Мадлен выбрала третье: покинула общую территорию, уехала на дачу и тихо возненавидела.
За обедом она иногда вскидывала свои ненавидящие глаза, бросала фразу, должно быть, хамскую. Морис также коротко огрызался. Не чувствовал себя виноватым. Он – хозяин своей жизни. И его чувства – это его чувства.
После пирога все подошли к камину. Камин был выложен из какого-то дикого камня, как будто высечен из горы.

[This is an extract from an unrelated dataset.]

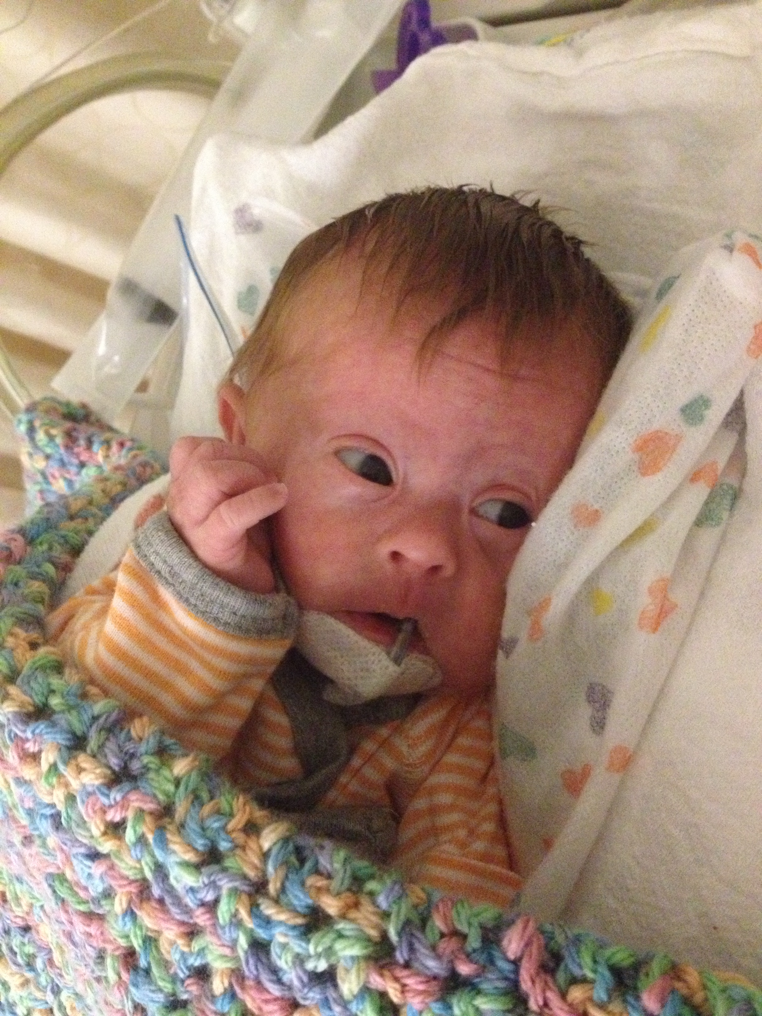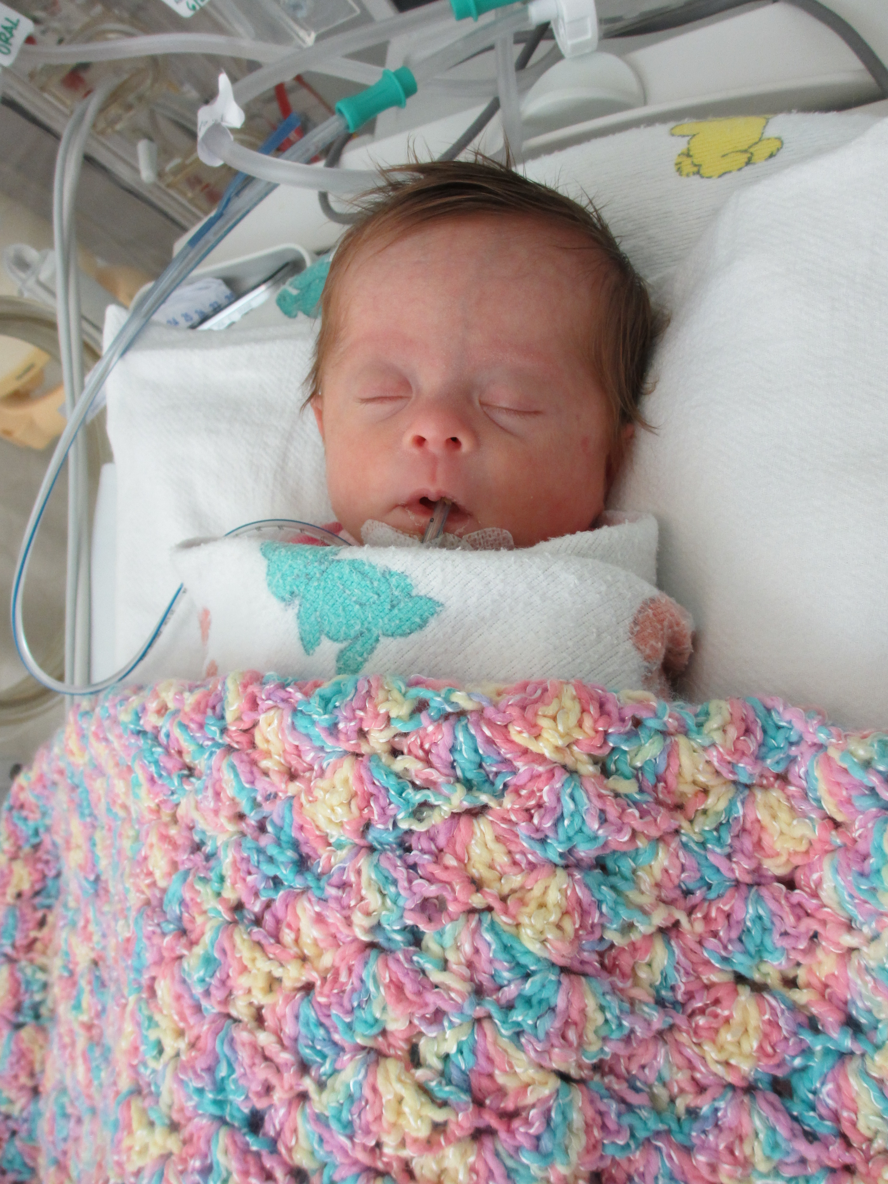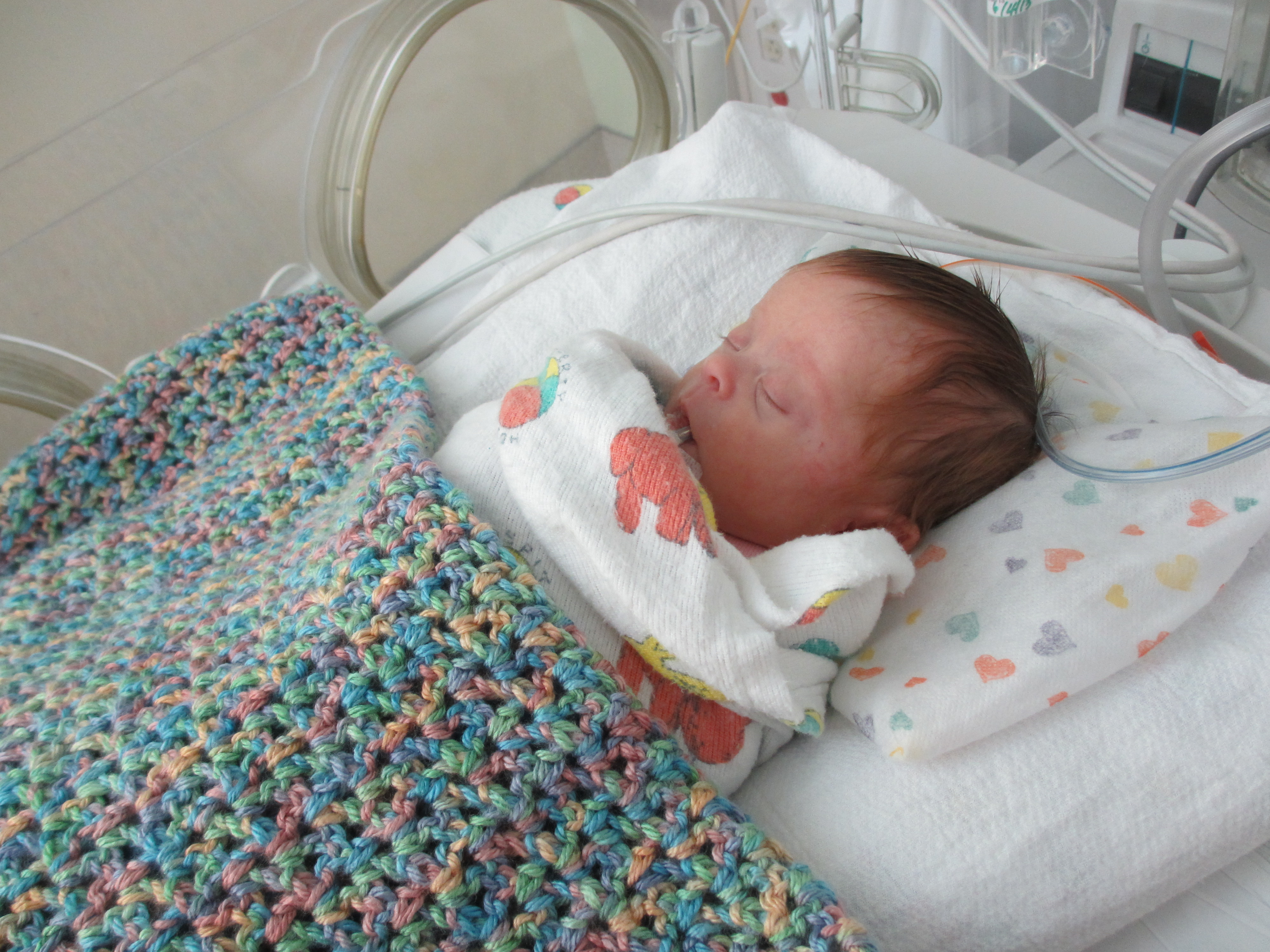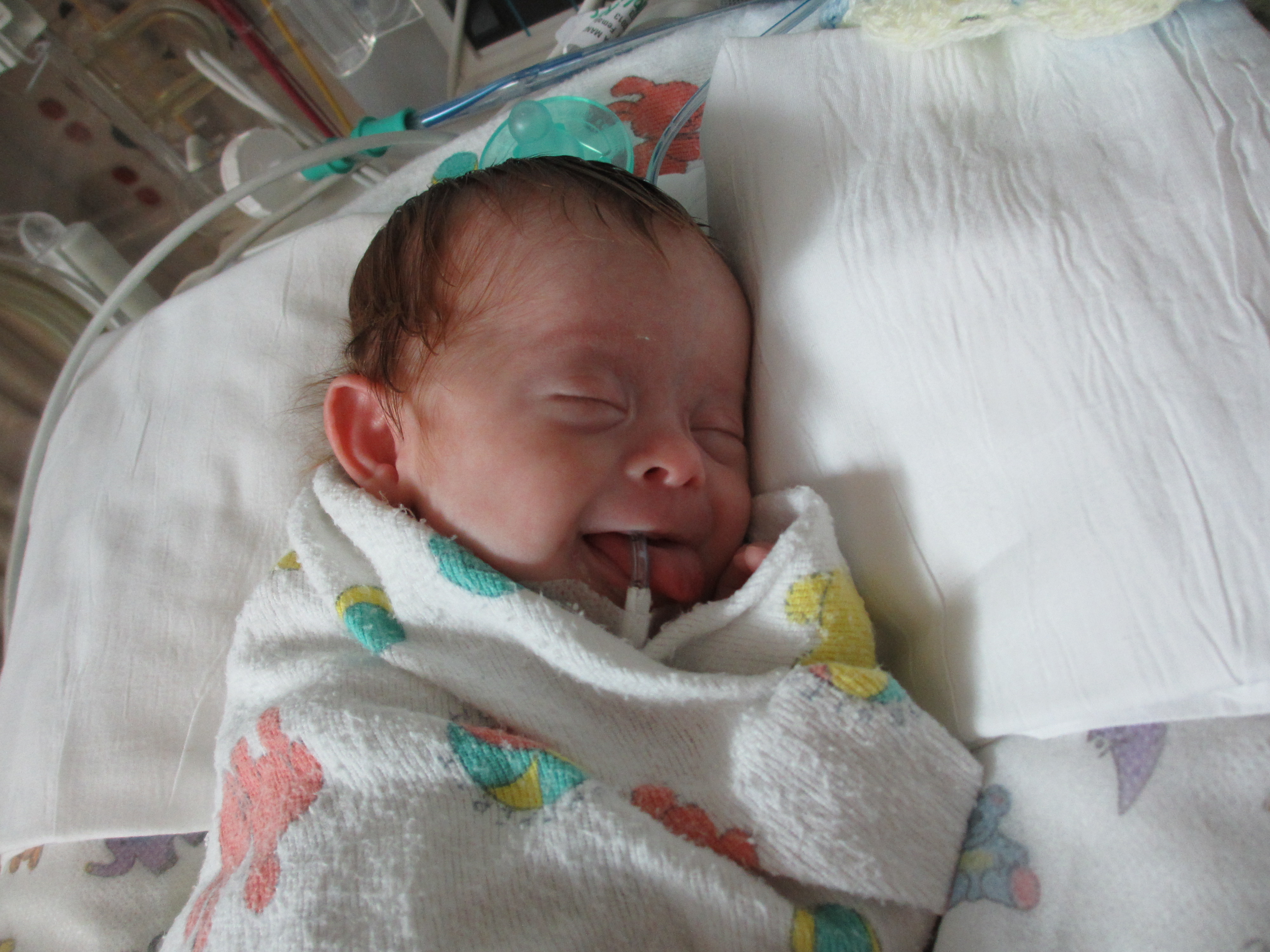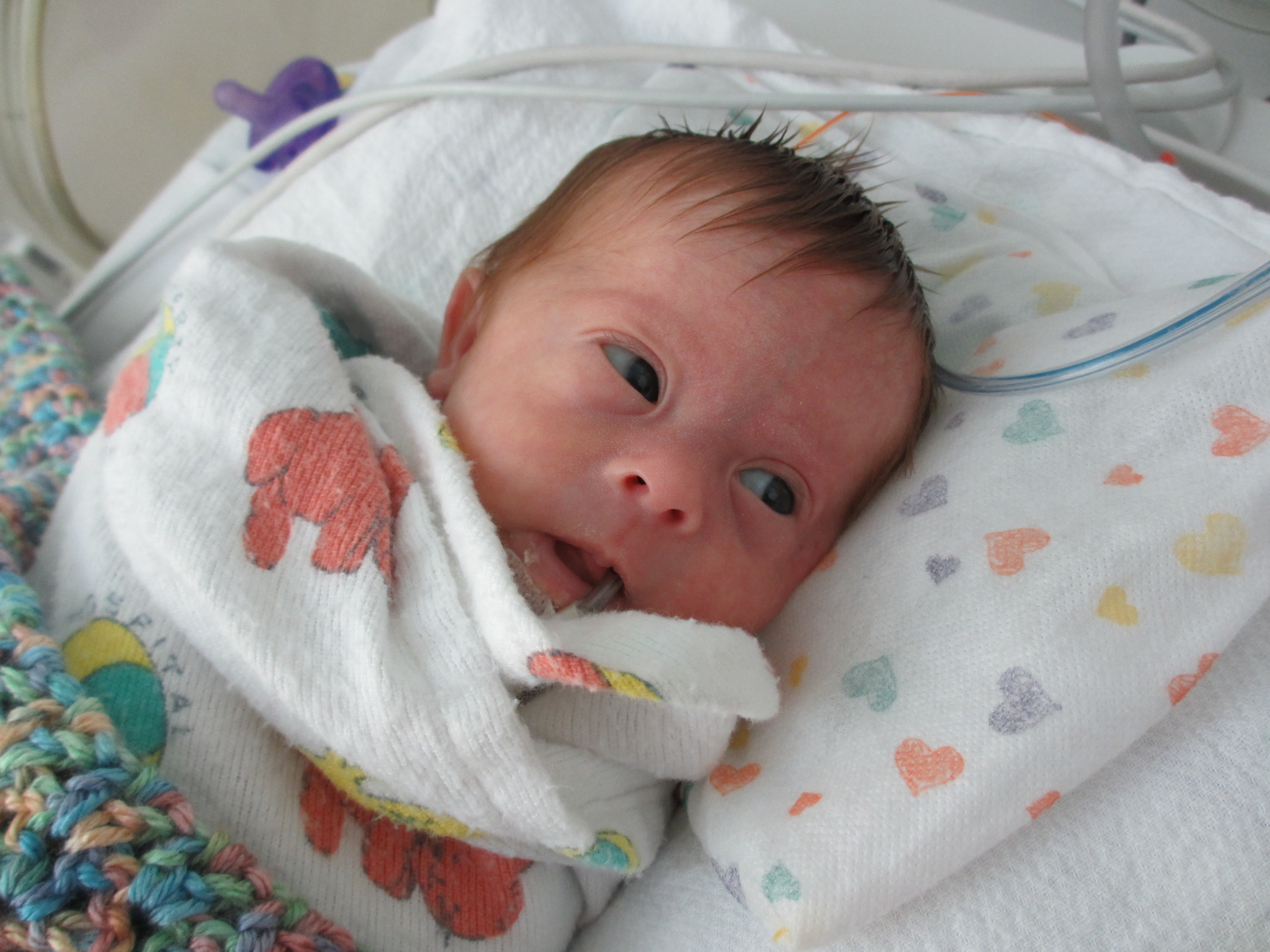 WHAT A DAY! Little bug lost 0.3 oz last night, but we’re hoping she’ll have gained some back tonight. I don’t know though – she had a rough day. Early on the day wasn’t so bad – she had a nice visit with friends Cathy and Gene, and was held (in full swaddle) by both mamas. But her afternoon was pretty hard. They’ve started putting gauze over her g-tube to cover it up while we do kangaroo time. I think today was the third day they did it, and the nurse used a particularly huge piece of gauze this time. Well, while I was holding Leah she was really squirmy and fussy even after she was fed, so we put her back down to see what was wrong. As it turned out, the big piece of gauze was stuck to the g-tube and had edged it out of her tummy about half an inch. No wonder she was squirmy! Resolving the issue was even more uncomfortable for her, especially since they had to take the tape off and reposition the tube. It broke our hearts to see her crying so hard. Thankfully once it was back in place she seemed to calm down a bit, and was thoroughly tuckered out after that ordeal. I’m sure she got a great nap after that.

Возле камина – маленькая дверь в стене, как в каморке у папы Карло. Морис открыл эту дверь, и я увидела высокий кованый стеллаж, на котором были сложены березовые поленья. Поленья сложены не как попало, а рисунком. Кто-то их выкладывал. Наверное, для этого существовал специальный человек.
Я посмотрела на аккуратные чурочки, и у меня потекли слезы.
В это время Морис перенес дрова в камин и поджег. Пламя быстро и рьяно охватило поленницу. Значит, дрова были сухие.
Я смотрела на огонь. Слезы текли независимо от меня. Может быть, мне стало жалко чемодана? А может быть, я оплакивала свою жизнь – жизнь Золушки, не попавшей на бал. Морис и Мадлен ругаются, выясняются, а за стеной, выложенные буквой «М», лежат и сохнут березовые чурки. Они даже пропадают на фоне бескрайней территории, бирюзового бассейна и кремовых роз. И пюре из шпината.
Я плакала весьма скромно, но мои слезы были восприняты как грубая бестактность. Меня пригласили, оказали честь, накормили изысканной едой, а я себе позволяю.
Плакать – невежливо. Если у тебя проблемы – иди к психоаналитику, плати семьдесят долларов, и пусть он занимается тобой за деньги.
Если бы я заплакала в русском доме, меня бы окружили, стали расспрашивать, сочувствовать, давать советы. Обрадовались бы возможности СО-участия. Все оказались бы при деле, и каждый нужен каждому.
А здесь – все по-другому. Морис нахмурился и отвернулся к огню. Мадлен отошла, ее как бы отозвали хлопоты гостеприимной хозяйки. Шарль и Франсуаза сделали вид, что ничего не произошло. Ну совсем ничего. Шарль разглагольствовал, Франсуаза поводила плечами, сияя фиалковым взором.
И я тоже сделала вид, что ничего не произошло. Я слизнула низкие слезы языком, а высокие вытерла ладошкой. И улыбалась огню. И Морису. И готова была ответить на все вопросы, связанные с моей страной. Да, перестройка. Революция, о которой так долго говорили большевики, отменяется. И теперь мы пойдем другим путем. Весь мир насилья мы разрушим до основанья, а затем мы наш, мы новый мир построим. И у нас будут свои миллионеры, свои камины, и мы будем смотреть на живой огонь. Но когда при нас кто-то заплачет, мы не отвернемся, а кинемся на чужую боль, как на амбразуру.
Морис стал поглядывать на часы. К Этиопе, Этиопе... Его тянуло к двадцатипятилетнему телу, страстным крикам и шепотам. На стороне Мадлен были тридцать лет семейной жизни. А на стороне Этиопы – отсутствие этих тридцати лет. Все сначала. Все внове, как будто только вчера родился на свет.
Мне передалось его нетерпение. Мне тоже захотелось уйти отсюда, где кругами витают над головой обида, гордость и ненависть Мадлен.
Мы садимся в «ягуар». И вот опять дорога. Общее молчание. Мы молчим примерно на одну и ту же тему.
– Мадлен хорошая, – говорю я.
– Да. Очень.
– Тебе ее жалко?
– Ужасно жалко. Но и себя тоже жалко.
– А нельзя обе?
– У меня нет времени на двойную жизнь. Я все время работаю. Ты спрашиваешь, кто мой друг? Работа.
Я думаю: что для меня работа? Практически я замужем за своей профессией. Она меня содержит, утешает, посылает в путешествия, дает людей, общение, и Мориса в том числе. Кто я без своего дела? Стареющая тетка. Но вот я опускаю голову над чистым листом, и нет мне равных.